Lab 7: ANN (Hyperplane)¶

Artificial neural networks¶

Objective¶

to visualise the hyperplanes of a neural network configuration for better understanding

Data preparation¶

We will use the iris data for the training in this lab.

from sklearn import datasets
iris = datasets.load_iris()

We will start with using just two input features.

X = [[d[1],d[2]] for d in iris.data]
names = [iris.target_names[1],iris.target_names[2]]
Y = iris.target

Setup the first configuration for neural network¶

Data preprocessing¶

Training and testing sets split

from sklearn.model_selection import train_test_split
X_train, X_test, y_train, y_test = train_test_split(X, Y, train_size=0.8)

Scale the input data based on the training input data

from sklearn.preprocessing import StandardScaler
scaler = StandardScaler()
scaler.fit(X_train)
X_train = scaler.transform(X_train)
X_test = scaler.transform(X_test)

Construct and train the ANN model¶

Construct the model

from sklearn.neural_network import MLPClassifier
mlp = MLPClassifier(hidden_layer_sizes=(2), max_iter=1000)

Train the model
1
mlp.fit(X_train, y_train)

Visualise the classification of a fitted model¶

Prepare the figure and axis¶

import matplotlib.pyplot as plt
fig = plt.figure()
ax = fig.add_subplot(1,1,1)

Visualisation function¶

Download the vis.py and save it to the same folder as your script.
Import all functions under the namespace of vis
1
import vis

Visualise the result¶

Use the following code to visualise the decision area of the model.

vis.vis2d(ax, mlp, X_train, y_train, X_test, y_test)

Setup the second, third, and more neural network configurations¶

We will investigate the effect of using different activation functions on the hyperplane.

The activation functions that are available for MLPClassifier are identity, logistic, tanh, and relu (default). They are explained in the documentation.

We can use a for-loop to construct and train the neural network model with different configurations.

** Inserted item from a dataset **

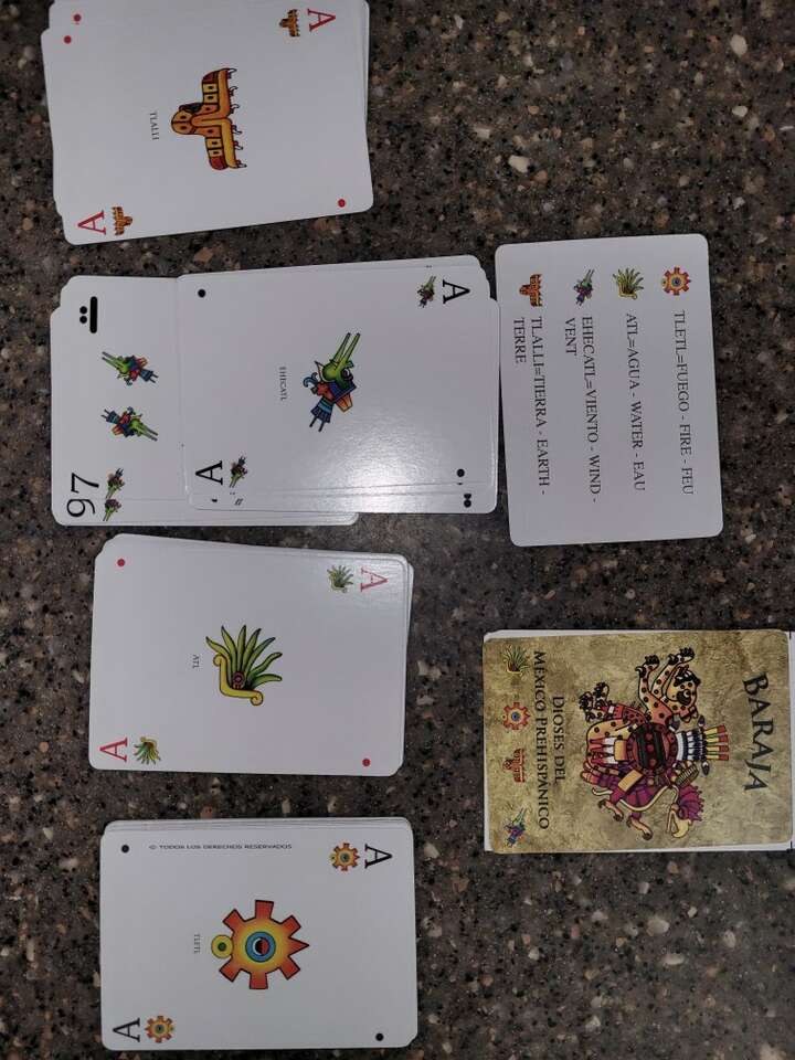 Fun playing cards, with each suite (hearts, spades, etc) replaced with pre-colombian Mexican deities.

The same datasets from previous sections are used.

activation_functions = ['identity', 'logistic', 'tanh', 'relu']
fig = plt.figure()
for i, actfcn in enumerate(activation_functions):
  mlp = MLPClassifier(hidden_layer_sizes=(3), activation=actfcn, max_iter=1000)
  mlp.fit(X_train, y_train)
  ax = fig.add_subplot(1, len(activation_functions), i+1)
  ax.set_title(actfcn)
  vis.vis2d(ax, mlp, X_train, y_train, X_test, y_test)

Apart from the activation functions, let's compare the results of having different number of hidden layers.

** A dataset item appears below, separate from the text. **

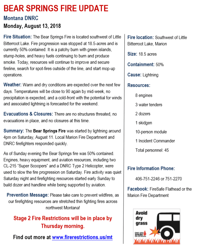 Bear Springs Fire Update—08/13/2018 Published on August 13, 2018 · By MFD Staff Share this post: Email (opens in a new window) Facebook (opens in a new tab) X (opens in a new tab) ← Back to News

activation_functions = ['identity', 'logistic', 'tanh', 'relu']
hidden_layers = [(3), (3,3), (3,3,3)]
fig = plt.figure()
for i,actfcn in enumerate(activation_functions):
  for j,hlyr in enumerate(hidden_layers):
    mlp = MLPClassifier(hidden_layer_sizes=hlyr, activation=actfcn, max_iter=1000)
    mlp.fit(X_train, y_train)
    ax = fig.add_subplot(len(hidden_layers), len(activation_functions), j*len(activation_functions)+i+1)
    ax.set_title('{},{},{}'.format(actfcn,str(hlyr),round(mlp.score(X_test,y_test),2)))
    vis.vis2d(ax, mlp, X_train, y_train, X_test, y_test)
    ax.set_xticks([])
    ax.set_yticks([])

mlp.score(X_test, y_test) gives the prediction accuracy of the model on X_test compared against y_test.

Consider more input features¶

We will now use all the input features instead of two. To prepare the data,

X_train, X_test, y_train, y_test = train_test_split(iris.data, iris.target, train_size=0.8)
scaler.fit(X_train)
X_train = scaler.transform(X_train)
X_test = scaler.transform(X_test)

Construct and train the model¶

mlp = MLPClassifier(hidden_layer_sizes=(3), max_iter=10000)
mlp.fit(X_train, y_train)

Visualise decision area with more input features¶

We will be using parallel coordinates to display data with more than 2 input features. The following is not a complete parallel coordinates plot but a partial one.

fig = plt.figure()
axes = vis.vis3d(fig, mlp, X_train, y_train, X_test, y_test)
for i,a in enumerate(axes):
  a.set_title(iris.target_names[i])
  a.set_xticklabels([])
  a.get_yaxis().set_visible(False)
axes[-1].set_xticklabels(iris.feature_names)

Is there other alternative to display data with more than 2 input features?

Additional¶

There is a tensorflow playground which tries to visualise the training process of a neural network. It's similar to what we did in this lab.